Emiliano Calemzuk

This interview appeared in the April 2009 MIPTV edition of World Screen.

President, Fox Television Studios
 
From the acclaimed U.S. cable series Burn Notice and Saving Grace to co-productions such as Mental, Fox Television Studios (FtvS), headed by Emiliano Calemzuk, is developing innovative, successful business models that are cost-effective and involve international partners.
 
WS: What is the studio’s mission?
CALEMZUK: What Peter Chernin [the president and COO of News Corporation] asked me to do when he brought me here was to create a studio for the 21st century. We really started from a blank slate. We didn’t look at what we had done in the past, or what the industry was doing. We asked what was going to allow us to thrive in the future. There are two things: first, we have to be a global studio that taps into the strength of broadcasters around the world, and second, we have to take the rapid advancement of technology very seriously, so we also have to be a digital studio. That doesn’t mean that we are going to stop doing what we are doing, because we produce a few of the most successful cable shows in the U.S. in the 18-to-49 demographic, including Burn Notice. We have a rather sound business going, and we are by no means going to abandon that. But moving forward we have to redefine ourselves as a global studio and as a digital studio.
So when thinking about how to be global, the lessons of ten years as an international broadcaster came in somewhat handy. It was very difficult to secure access to good American series. And if the first three or four episodes didn’t get good ratings, the series would be cancelled in the U.S., and you would have invested a lot of money and time in the schedule and be left with nothing. I felt those were inefficiencies in the market that needed to be corrected, and we had an edge on how to tackle them, as we are a small but diverse group of people coming from different countries.
 
WS: How are your business models different from the traditional studio model?
CALEMZUK: We said, “Why don’t we take scripts from good show runners, work with American writers, actors and directors, and instead of pitching them to U.S. networks, let’s pitch them to a consortium of international networks first. Let’s have the international networks be the drivers of the production, and then if the show is good enough, which we think it will be, we’ll sell it to a U.S. network.”
So we decided to put three shows into production, thinking that we were going to get only one financed, but in four months we got three of them financed! The first show was Mental, which shot in Bogotá, Colombia. We’re currently shooting Persons Unknown, in conjunction with Televisa and RAI, in Mexico. And our third show, Defying Gravity, began shooting in January in Vancouver, with CTV in Canada, ProSieben in Germany and the BBC in the U.K.
What we tried to do was hedge the financing risk by creating another mechanism of producing U.S. series that doesn’t rely on spending tens of millions of dollars every year on pilots, 90 percent of which never see the light of day. There is a lot of waste in that traditional big-studio model. We came up with this more cost-efficient way. We go directly to 13 episodes so the series doesn’t get cancelled on episode four. It’s an asset that we can sell around the world; we can also sell DVDs.

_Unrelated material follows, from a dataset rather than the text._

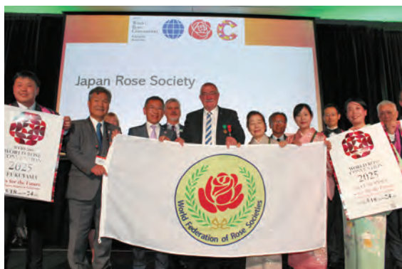
The handover of the Federation flag to Fukuyama City, which will host the 2025 World Convention— Roses for the Future

FtvS was the first major U.S. studio to do this. We can sell these series in the U.S. at a lower cost than the traditional license fee because a lot of the financing is already in place. And with the economy as it is right now, we are getting significant interest from pretty much every network on everything that we are doing. We [came up with this business plan] about two years ago; it’s not something we just now decided to do, given the sour state of the economy. We realized that, given how the network-advertising model was going, we needed to do something different and provide networks with programming that’s on a par, in terms of quality, with the traditional studio show, but at a fraction of the price.
 
WS: You produced Mental in association with the Fox International Channels.
CALEMZUK: I think the Fox International Channels group is one of the smartest and most innovative international media organizations of today, so trying this out with them was a no-brainer. This was a win-win situation for the international channels group and for our studio. They needed programming that they could buy cost-effectively and distribute across all their channels around the world. We needed some financing to get the show in motion, which they provided, and they also wanted to learn the steps necessary to produce a U.S. series in their facility in Colombia, which is FOXTelecolombia. So we said, “We’ll show you how we produce a U.S. series. We’ll do it in Colombia. You come in with part of the financing and then you keep distribution for some territories.” So it was a great model for them and a great model for us, and I think the show is truly outstanding.